(Spoiler alert: Please do not read if you have not watched Thursday’s episode of “Hannibal”)
NBC’s “Hannibal” is known for blurring the lines between fantasy and reality, and Thursday’s episode pulled off one of the most heartbreaking twists yet.
As Will Graham (Hugh Dancy) traveled to Europe with Abigail Hobbs (Kacey Rohl) by his side, in search of Hannibal Lecter (Mads Mikkelsen), it seemed he finally got a chance to be a father figure to the orphan.
However, as the episode wore on, it’s revealed that Abigail had actually died in the bloodbath that was the “Hannibal” Season 2 finale, making her the first official casualty of Dr. Lecter’s wrath that night. Tragically, Will’s time in Europe with her was a just figment of his imagination.
“I didn’t want it to be mean!” he insisted. “We had talked about having her be around for several episodes before that reveal, and that to me felt like it would have been mean, to really play the audience along.”
He also defended the decision to bait and switch the Will and Abigail developments.
“What was necessary for me as an audience member was being able to see a ‘what if?'” he said. “If Abigail was given back to Will Graham, and not taken away so quickly, what would the nature of their relationship be, how would she manifest in his imagination? What is the dynamic that he kicked around his own head?

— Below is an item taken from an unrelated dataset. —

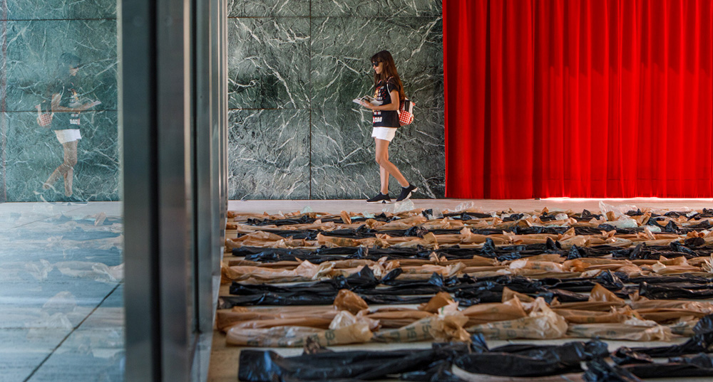 ‘With ‘The Cost of Money: Raft’, I have wanted to bring the discussion on the steep human price capital exacts, especially for the most vulnerable populations, and at enormous expense to the environment, to the Pavilion, a place that represents a moment in which industry was seen as a necessary tool towards the future but which already had a high social cost,’ Mark Cottle explains. The almost 10,000 plastic bags that make up the two carpet pieces have been selected and saved by the artist from the Spanish city’s garbage cans, eventually saving them from ending up in the trash container. Each carpet contains three groups of different colored bags.

“So the storyline for me was just about Will Graham dealing with the aftermath of the finale and his regrets and the wanting a different world … If this was the horrible thing that happened to us in this universe, then maybe there’s a parallel universe out there where Abigail is alive and Will is alive and they have a friendship they are able to explore,” he said. “But that becomes hypothetical and a science-fiction exploration of the relationship.”
The result of Will’s hallucination of Abigail was that he got to the place where he was able to let go of his grief for her, said Fuller, and embrace the true nature of his friendship with Hannibal.
In Thursday’s episode’s closing moments, Will tells Hannibal he forgives him.
“Will has got to the point in his relationship with Hannibal where he can’t be angry with him for doing what he does,” said Fuller. “It’s like being angry at a shark for eating somebody. You’re in the water, the shark is a predator. That’s what it does, so you can’t be mad at a shark for being a shark. You have to take responsibility for your role in getting in the water, and Will is saying, ‘I acknowledge that I got in the water. I accept that you’re dangerous, I understand how you’re dangerous and I forgive you for being who you are.'”
“Hannibal” airs Thursdays at 10 p.m. ET on NBC.